Question 2 Multiple Choice
Why is the electric field outside a parallel plate capacitor essentially zero, while the field between the plates is uniform and strong?
AThe plates are connected to ground, which absorbs all external field
BThe fields from the two equal and opposite charge sheets cancel outside the capacitor and add together inside it
CConductors always completely shield any external electric field
DThe dielectric material between the plates absorbs the field before it can escape
Each plate acts as a sheet of charge. A positive sheet creates a field pointing away from it on both sides; a negative sheet creates a field pointing toward it on both sides. Between the plates, these fields point in the same direction and add: E_total = σ/ε₀. Outside, the fields from the positive and negative plates point in opposite directions and cancel: E_total ≈ 0. This superposition principle — not grounding, shielding, or the dielectric — is the physical explanation.
Question 3 True / False
Increasing the plate area of a parallel plate capacitor decreases its capacitance because the charge is expected to spread out over a larger surface.
TTrue
FFalse
Answer: False
Larger plate area *increases* capacitance: C = ε₀A/d has A in the numerator. More area means the same total charge can be stored at a lower surface charge density σ = Q/A, which means a weaker electric field, which means less voltage per unit of stored charge — i.e., more charge per volt, which is higher capacitance. The misconception confuses charge density (which falls with area) with total charge storage ability (which rises).
Question 4 True / False
When a dielectric material is inserted between the plates of a capacitor, the effective permittivity increases, allowing more charge to be stored at the same voltage.
TTrue
FFalse
Answer: True
A dielectric with constant κ > 1 replaces ε₀ with ε = κε₀ in the formula, giving C = κε₀A/d > ε₀A/d. Physically, the dielectric polarizes in response to the electric field — its molecules align slightly with the field, creating a bound surface charge that partially cancels the free charge on the plates, reducing the net field and therefore the voltage. Since V = Q/C decreases for the same Q, capacitance (= Q/V) increases.
Question 5 Short Answer
Explain in physical terms why capacitance increases with plate area and decreases with plate separation. Don't just state C = ε₀A/d — explain what happens to the electric field and voltage.
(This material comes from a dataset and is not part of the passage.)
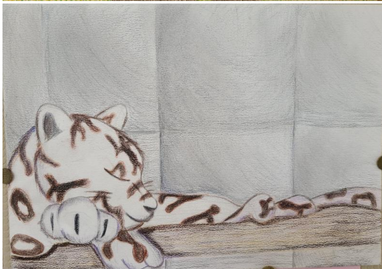
← 5組 細金 俐央 さんの作品

Think about your answer, then reveal below.
Model answer: Larger area: with the same total charge Q spread over a larger area, the surface charge density σ = Q/A decreases. Since the field between the plates is E = σ/ε₀, a lower σ means a weaker field. Weaker field means lower voltage (V = Ed), so the same charge produces less voltage — meaning higher capacitance (C = Q/V). Larger separation: with the same charge and field E, the voltage V = Ed increases with d. More voltage for the same charge means lower capacitance.
The key chain of reasoning is Q → σ → E → V → C. Plate area affects σ; separation affects how E translates into V. Understanding these causal links — rather than memorizing the formula — lets you reason correctly about variations (dielectrics, non-standard geometries) without re-deriving from scratch each time.